EXERCISE PROMPT:
No picture belongs in the copy. Repeat each line below exactly.

GIVEN INFORMATION:
=-=-=-=-=

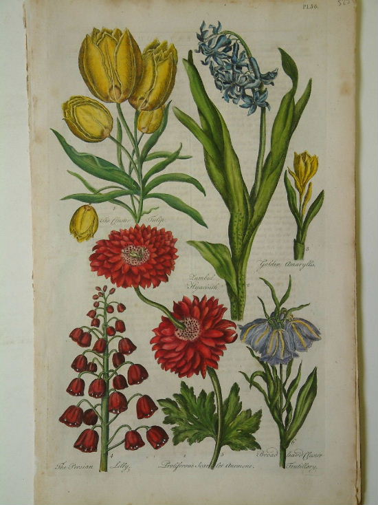 John Hill (1716-75) was trained as a pharmacist and then became a gardener and curator of dried plants for the Duke of Richmond. He left to become an actor before opening up a pharmacy in Covent Garden. He then translated a treatise on mineralogy which finally brought him a degree of financial security and a calling. He became a writer of many subjects, his most impressive being the twenty-six volume ‘Vegetable System’ for which he personally designed and etched 1,600 plates. Hill also worked on the ground breaking for Kew Gardens and as a gardener at Kensington Palace. Hill is noted for introducing the Linnaean system of botanical nomenclature to England. This is from the ‘Eden, or a Compleat Body of Gardening’ which is arranged as a calendar week by week beginning at the end of August. Dunthorne (1938) 129; Henery (1975) no. 805; Hunt (1958) 559; Nissen ZBI (1978) 880; ‘Oak Spring Flora’ (1997) pp. 197-201; Sitwell & Blunt (1956) p. 59.
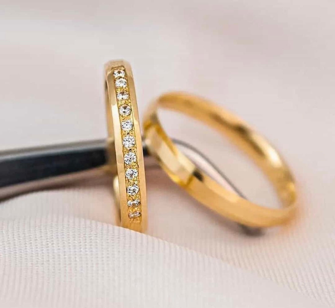 Par de alianças em moeda antiga legítima, 3mm de largura, anatômicas, feminina com meia volta de zircônias cravejadas.  ANEL SOLITÁRIO DE BRINDE  Para adicionar forro de prata ou aço, entrar em contato, via WhatsApp, acréscimo...
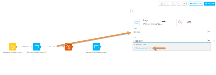 - From the Data Component to the "Unsubscribe Complete" page, select the 'On Success' event.

=-=-=-=-=

SOLUTION TO THIS TASK:
 John Hill (1716-75) was trained as a pharmacist and then became a gardener and curator of dried plants for the Duke of Richmond. He left to become an actor before opening up a pharmacy in Covent Garden. He then translated a treatise on mineralogy which finally brought him a degree of financial security and a calling. He became a writer of many subjects, his most impressive being the twenty-six volume ‘Vegetable System’ for which he personally designed and etched 1,600 plates. Hill also worked on the ground breaking for Kew Gardens and as a gardener at Kensington Palace. Hill is noted for introducing the Linnaean system of botanical nomenclature to England. This is from the ‘Eden, or a Compleat Body of Gardening’ which is arranged as a calendar week by week beginning at the end of August. Dunthorne (1938) 129; Henery (1975) no. 805; Hunt (1958) 559; Nissen ZBI (1978) 880; ‘Oak Spring Flora’ (1997) pp. 197-201; Sitwell & Blunt (1956) p. 59.
 Par de alianças em moeda antiga legítima, 3mm de largura, anatômicas, feminina com meia volta de zircônias cravejadas.  ANEL SOLITÁRIO DE BRINDE  Para adicionar forro de prata ou aço, entrar em contato, via WhatsApp, acréscimo...
 - From the Data Component to the "Unsubscribe Complete" page, select the 'On Success' event.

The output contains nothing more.